The Sports Club runs a football section involving: two senior Saturday sides, currently both play in the Sevenoaks and District Football League, an occasional veterans' side, and several junior sides, with the younger age groups playing their home games at Elmscroft Park, Charlton Lane. An annual tour, once mainly between the club's footballers and that of Ringstedt (but now includes many from the wider community) has been an ongoing, ever-flourishing event since 1988. The cricket section of the sports club runs two senior teams on Saturdays, playing in the Kent County Village League. The netball section plays in the Malling and Maidstone Netball League. Notable players who have played for the club include; David Sadler (Manchester United), Mark Beeney (Leeds United) and Alessia Russo who began her club football in the U5's, U6's and U7's (Arsenal and England Lionesses).

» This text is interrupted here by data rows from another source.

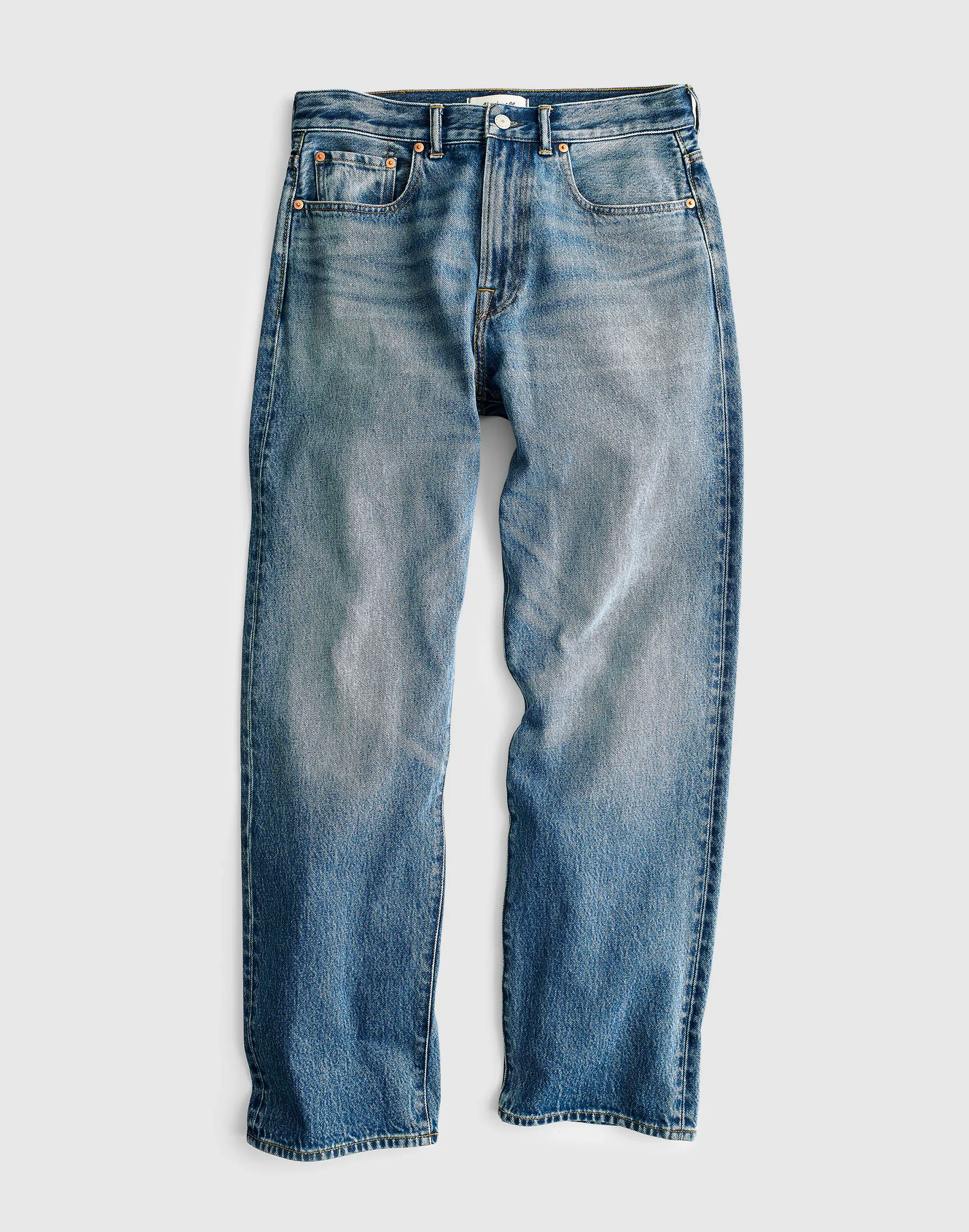 The cut: slightly roomy through the hip and thigh, these jeans feature a classic straight leg. The fabric: 100% cotton rigid denim with zero stretch. - Loose fit. - Rise: 12 5/8"; leg opening: 17 1/2". - 100% cotton. - Do Well: for each item made at the Fair Trade Certified™ factory, we contribute to a Community Development Fund managed by the workers. - 12.75 oz. - Zip fly. - Machine wash. - Imported. - Item NY889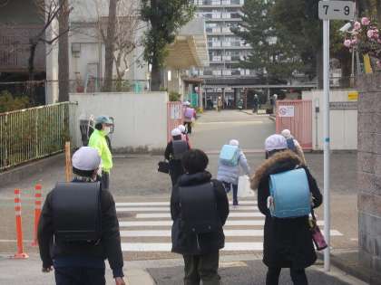 今日は、風は冷たいですが、昨日より、少し寒さが和らいでいるような朝です。元気よく登校しています。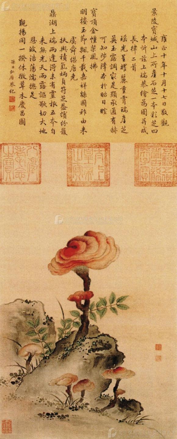0595 庚寅(1950年)作 灵芝献寿 立轴 纸本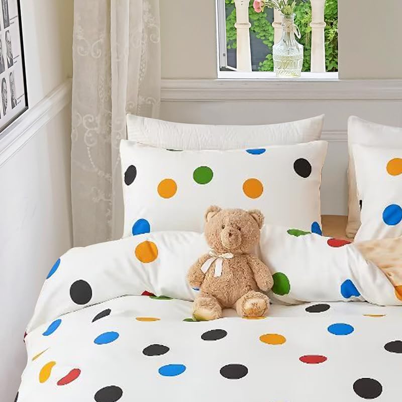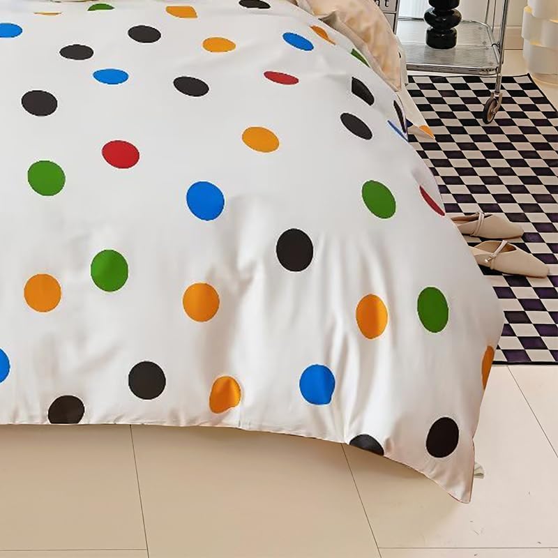 Bring a burst of vibrant colors into your bedroom with this 100% Egyptian Cotton Duvet Set from Gem Lifestyle. The modern polka dot print features a lively mix of black, orange, blue, green, and red dots on a crisp white background, adding a playful and energetic touch to your bedding. The duvet cover and two shams are crafted from premium Egyptian cotton, ensuring softness and breathability for a comfortable night's sleep. With its eye-catching design and high-quality materials, this duvet set promises to transform your bedroom into a cheerful and inviting space. Coordinate with complementary decor pieces for a cohesive and stylish look. Machine washable for easy care.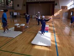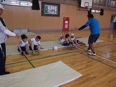 運動遊び」、3・4年生には「跳び箱運動」、5・6年生には「マット運動」の指導をし
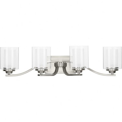 - 4-LIGHT MODERN DESIGN: This brushed nickel vanity light combines crystal and glass for a sleek, contemporary look.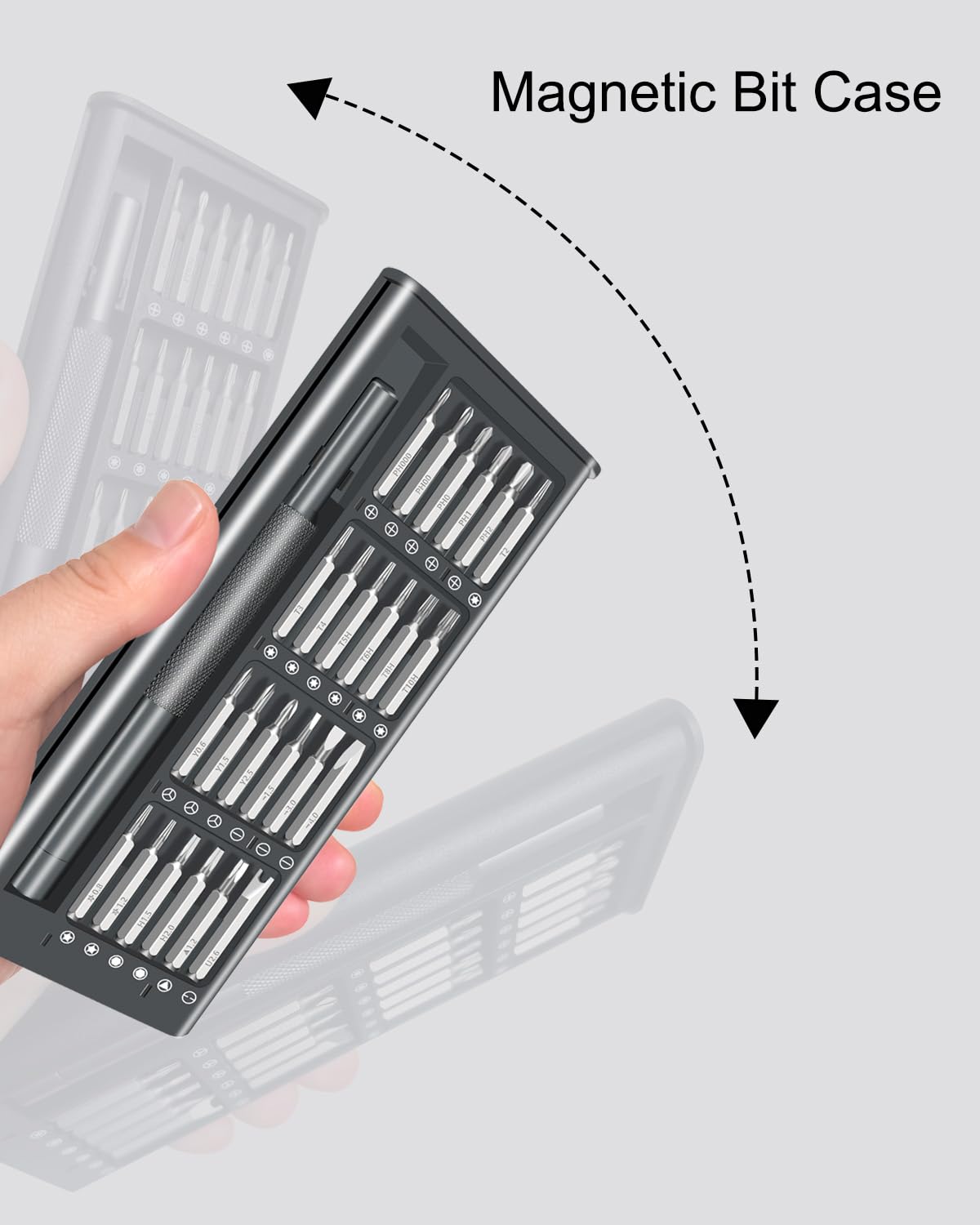 - [Magnetic Set Case] All screwdriver bits in the tiny screwdriver set are magnetic tips that make it easy to pick up small screws, and the magnetic screwdriver bit case base keeps the bits neatly organized at all times, preventing bits from getting lost or scattered.
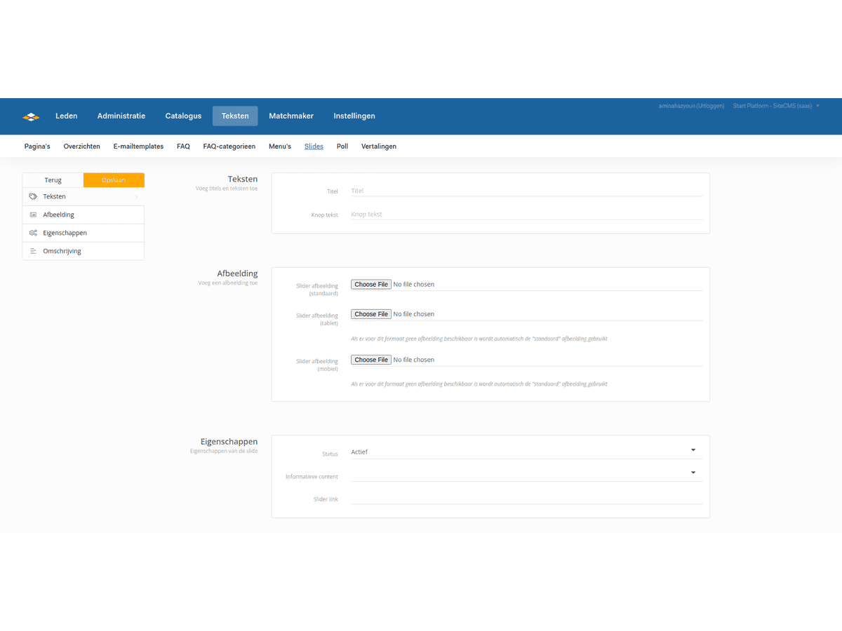 - Gehen Sie zu SiteCMS> Texte> Folien

The club also runs the village's Firework Display on each first Friday in November.

The village produces its own monthly newsletter "Life-Line", and an events' website "The Farleighs".

The primary school, which had one classroom, closed in 1968. One of its two teachers at the time, was Miss Whittle, the daughter of Sir Frank Whittle, inventor of the (turbo) jet engine. The village's post office and only shop closed in 1986.

The parish church of 'All Saints' dates back to the 11th century.